• _What you will do_:
In your copy, include no images and return each entry exactly as written.

[Listed entries Boundary: Start]

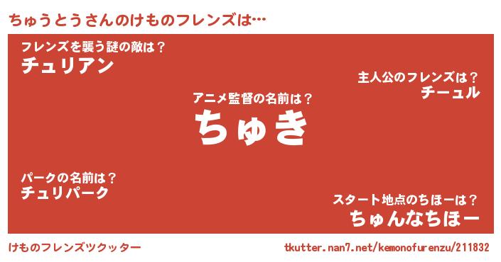 | ヒーロー風カッコイイあだ名 | 『炎刃騎士チュ』『慈愛の使者ちゅうとう』 |
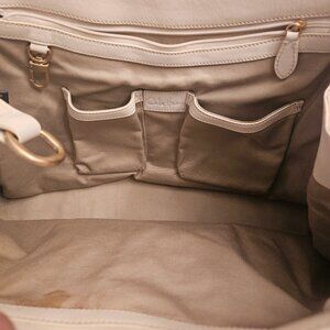 Really beautiful white with gold hardware should bag. Had clip to secure sides, lots of pockets, slight stain on the inside, wear appropriate with age. Leather and satin material, no visible stains on the outside on either side of the purse. Comes with dust bag. Definitely make a statement. Please review all images prior to purchase, all sales are final.
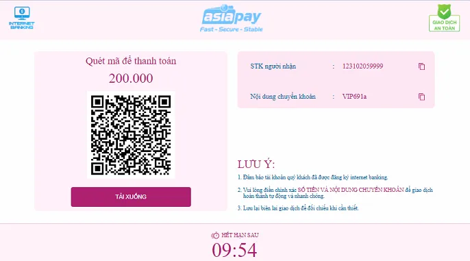 Sau khi chọn số tiền muốn nạp, bạn bấm nút chuyển tiền thì trang nhà cái sẽ điều hướng sang 1 trang có thông tin số tài khoản, số tiền cần nạp và những mã số hóa đơn.
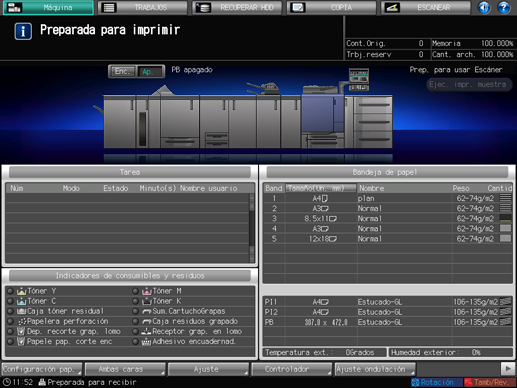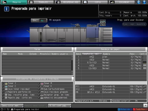 En el panel táctil de la unidad principal, pulse [Configuración pap.] en la pantalla [Máquina].
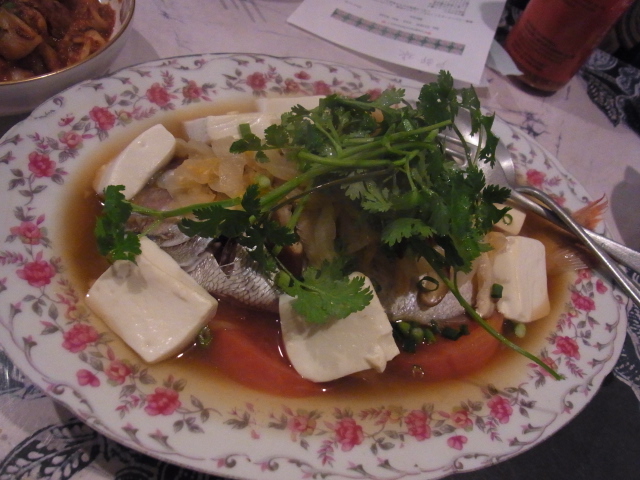 メインディッシュの最初は、尾頭付きタイを使った潮州風蒸し魚。
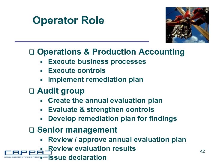 Operator Role q Operations & Production Accounting Execute business processes § Execute controls § Implement remediation plan § q Audit group Create the annual evaluation plan § Evaluate & strengthen controls § Develop remediation plan for findings § q Senior management Review / approve annual evaluation plan § Review evaluation results § Issue declaration § 42

[Listed entries Boundary: End]

• _Answer to the problem_:
 | ヒーロー風カッコイイあだ名 | 『炎刃騎士チュ』『慈愛の使者ちゅうとう』 |
 Really beautiful white with gold hardware should bag. Had clip to secure sides, lots of pockets, slight stain on the inside, wear appropriate with age. Leather and satin material, no visible stains on the outside on either side of the purse. Comes with dust bag. Definitely make a statement. Please review all images prior to purchase, all sales are final.
 Sau khi chọn số tiền muốn nạp, bạn bấm nút chuyển tiền thì trang nhà cái sẽ điều hướng sang 1 trang có thông tin số tài khoản, số tiền cần nạp và những mã số hóa đơn.
 En el panel táctil de la unidad principal, pulse [Configuración pap.] en la pantalla [Máquina].
 メインディッシュの最初は、尾頭付きタイを使った潮州風蒸し魚。
 Operator Role q Operations & Production Accounting Execute business processes § Execute controls § Implement remediation plan § q Audit group Create the annual evaluation plan § Evaluate & strengthen controls § Develop remediation plan for findings § q Senior management Review / approve annual evaluation plan § Review evaluation results § Issue declaration § 42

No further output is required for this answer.